The areas where Janet and I best co-operated was in the houses and garden. She was really good at those kind of architectural drawings for projects and was a dab hand at decorating, including painting furniture or hanging wallpaper. She was a very good cook, or became a very good cook. Our early meals together were fairly dull but my tastes were sophisticated and she soon caught on mainly by following good cookery books, Elizabeth David a favourite. As a student I had been fairly well known for cooking but she soon became very much better than I and did not encourage me to help though I think I was a participating spouse throughout our lives together - washing up, changing nappies, attending births etc. But again I must admit Janet did far more of the chores than I. Her business sense kept the Verrocchio on course. And she became a really good potter, particularly on a small scale, always in adult classes. She somehow lacked the confidence to set up on her own. Before she died she had started to paint which possibly was her true vocation.

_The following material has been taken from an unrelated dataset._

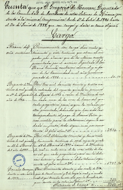 Cuenta otorgada por el Diputado de la Comunidad de Herederos de las salinas de Añana Gregorio de Herrán, desde el 1 de julio de 1886 hasta el 30 de junio de 1887, resultando un alcance a favor de la expresada Comunidad de 16,57 reales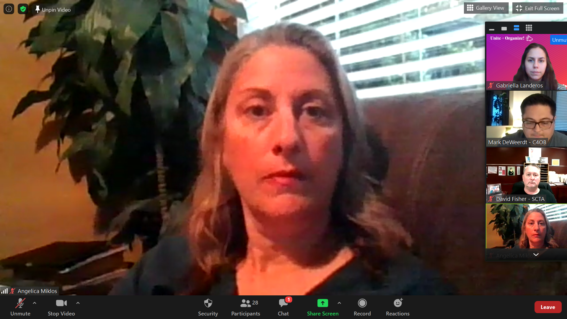 FCEA President Angelica Miklos on an organizing call with other Sacramento County chapter presidents

When the children came along we expanded by first moving Sheila out and then adding a new floor above to the passage. Amazingly, we got permission but the house to the north was divided into flats and the garden completely neglected. Though we finally fell out with the architect who had negotiated the design through the councils, the conversion was a great success. Soon after Janet insisted on buying the house next door, number 41, she was really interested in the garden. I thought it was very expensive but it turned out to be a valuable asset – a rooming house we gradually improved and sold off in flats, every flat for more than we had paid for the house. We lived happily in number 40 till 1983.

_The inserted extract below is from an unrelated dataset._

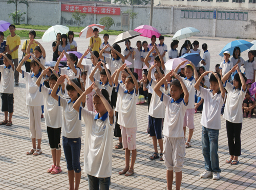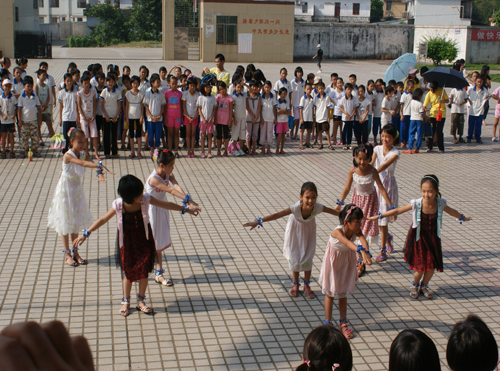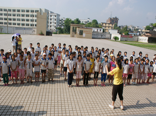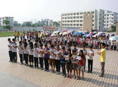 8月2日早上8点30分,清远大湾服务队英语夏令营的闭幕式在清远市英德大湾中学隆重举行。早上7点半,大湾中学、中心小学和小联小学的几百名员工以及32位清远大湾服务队的队员们就早早地到达大湾中学。出席这次闭幕式的领导嘉宾有大湾中学的刘国林主任、中心小学的梁国球主任、悟空体育三下乡指导老师陈诗金老师。尽管骄阳似火晒得大家大汗淋漓,却晒不灭全场观众对闭幕式的期待。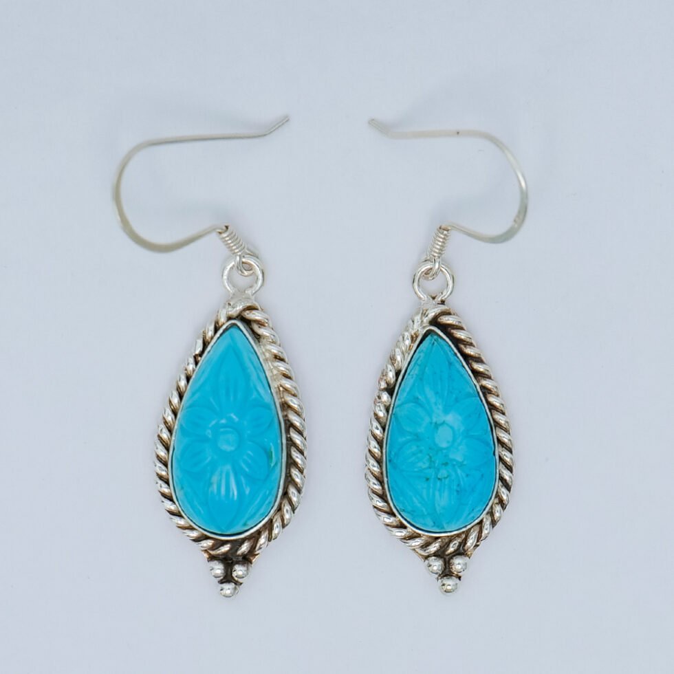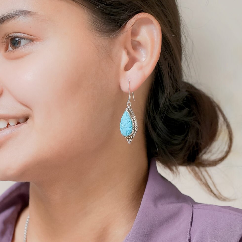 These handmade earrings feature vibrant turquoise stones set in high-quality 925 sterling silver, craftsmanship with natural beauty. Each piece highlights the unique character of the turquoise, with its captivating blue-green hues and organic variations that make every pair one of a kind. The polished silver setting complements the stone perfectly, adding a subtle shine while maintaining a rustic, handcrafted feel. Lightweight yet eye-catching, these earrings offer a perfect balance of elegance and bohemian charm, making them ideal for both everyday wear and special occasions.

In 1958 when I found it, Norland Square was fairly run down neighbourhood, housing several prostitutes who did business parading on Holland Park Avenue. By the time we left many of the houses had returned to family residences for city bankers, we had become poor relations. Furthermore the cornice had fallen off with a terrifying thump which luckily did not take the balcony with it. We managed to replace it with a fibreglass substitute but it gave me a strong sense that I was getting out of my depth financially, fortunately now with a whole house, a very valuable asset.

The house of course was a very unusual shape and so it did not attract buyers immediately but fortunately a rather pushy Hungarian got interested but was not interested in the studio. I had always had in mind that a friendly old lady who's house backed onto the Garden of 41 it would have been the perfect way of combining the studio with a home for Janet but unfortunately the old lady who was very much on the edge of needing to move into sheltered accommodation never actually could make the decision to move. Fortunately, the man who lived next door to her was willing to sell and we bought his fairly modern conversion at a slightly inflated price. But it did mean that we could keep the studio and have a small house for Janet. By that time it had become fairly clear to me that I would not be using a studio in London in future.

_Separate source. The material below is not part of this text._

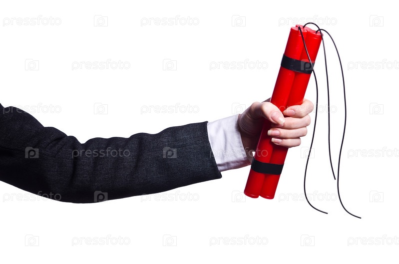 Рука с динамитными шашками на белом фоне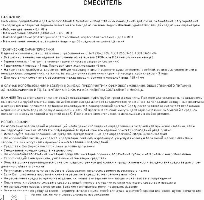 | Комплектация | паспорт, корпус с изливом, пластиковая подводка с латунными штуцерами 1/2, крепеж, набор прокладок. |

Janet lived there for a year or two 2 but it really didn't suit her and she determined to convert the top flat in 41 for her own use. The design included a roof garden which was really lovely. But she had terrible problems with the builders and I was fully engaged in Casole. It was possibly at this very stressful time that she developed the cancer from which she died 5 years later.

The flat was very beautiful when it was finished and she was very pleased with it. She ran the Verrocchio office from there. and when she was no longer fit to do so she handed over the job to her friend Christine. The last few weeks of her illmess in hospital were heart-wrenching; she had a fierce determination to live though the fates had decided otherwise.

I no longer commuted beteen London and Casole. The children had moved on. All my activities now centred on Casole where the Centro d’Arte Verrocchio was thriving, so we sold her beautiful flat.